Add this situation to your watch list. Both on the top and bottom of the bracket we have found to have become loose. You will be able to determine this when the crosshead guide start moving up and down as the cross head goes to and from the cylinder.


----------



## Charles (Jan 2, 2008)

Trevor
Here is our most recent completion of an upgrade Cab Forward going through the final test run in preparation to send back to customer. The engine is self starting even without using the drain cocks, shows good speed even with the throttle less than full open along with good power.


----------



## seadawg (Jan 2, 2008)

Posted By CapeCodSteam on 06 Nov 2009 06:17 PM 
Great video job! I love this track every time I see it, where is it exactly? I might put in on my "Tracks to Steam on Before I Die" list. 
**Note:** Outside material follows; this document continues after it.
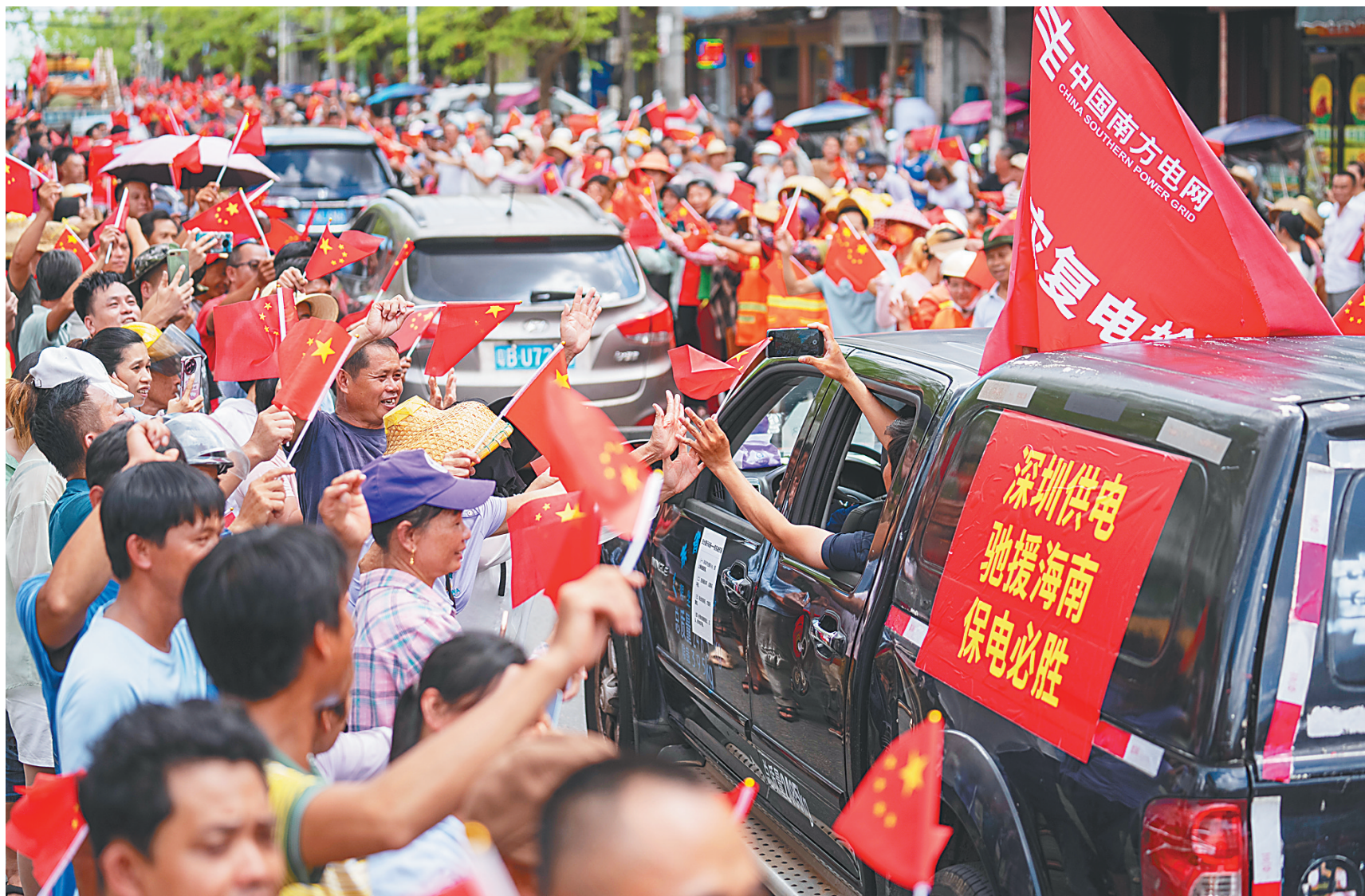
9月26日，文昌市翁田镇文政路，群众夹道欢送南方电网深圳供电局援琼抢修复电队伍返程。

Kent, I believe you will need to have your passport in order to get to that track, but I believe your LNER Mallard would feel right at home.


----------



## rkapuaala (Jan 3, 2008)

What I great video. What a great engine. Accucraft really out did itself on this model. I have made a vow to stick to one scale, one railroad, but if I had the cash, I would definatly add one of these babies to my collection, along with the GS 4 and the SP 2-8-0


----------



## CapeCodSteam (Jan 2, 2008)

Posted By seadawg on 08 Nov 2009 07:27 PM 
Posted By CapeCodSteam on 06 Nov 2009 06:17 PM 
Great video job! I love this track every time I see it, where is it exactly? I might put in on my "Tracks to Steam on Before I Die" list. 



Kent, I believe you will need to have your passport in order to get to that track, but I believe your LNER Mallard would feel right at home. 

I do have a valid virgin Passport, an empty bank account as well as a Hornby Live Steam Mallard which runs great in the kitchen on HO track. One out of three ain't bad.


----------



## CapeCodSteam (Jan 2, 2008)

Charles, 

I love the alternating black and silver roofs, excellent touch


----------



## tacfoley (Jan 3, 2008)

Sir - over here we don't have the habit that you guys do of posting locations, especially in the present climate of vandalism and petty theft. 


You see, unlike you, we are not permitted to guard our trains with the use of firearms.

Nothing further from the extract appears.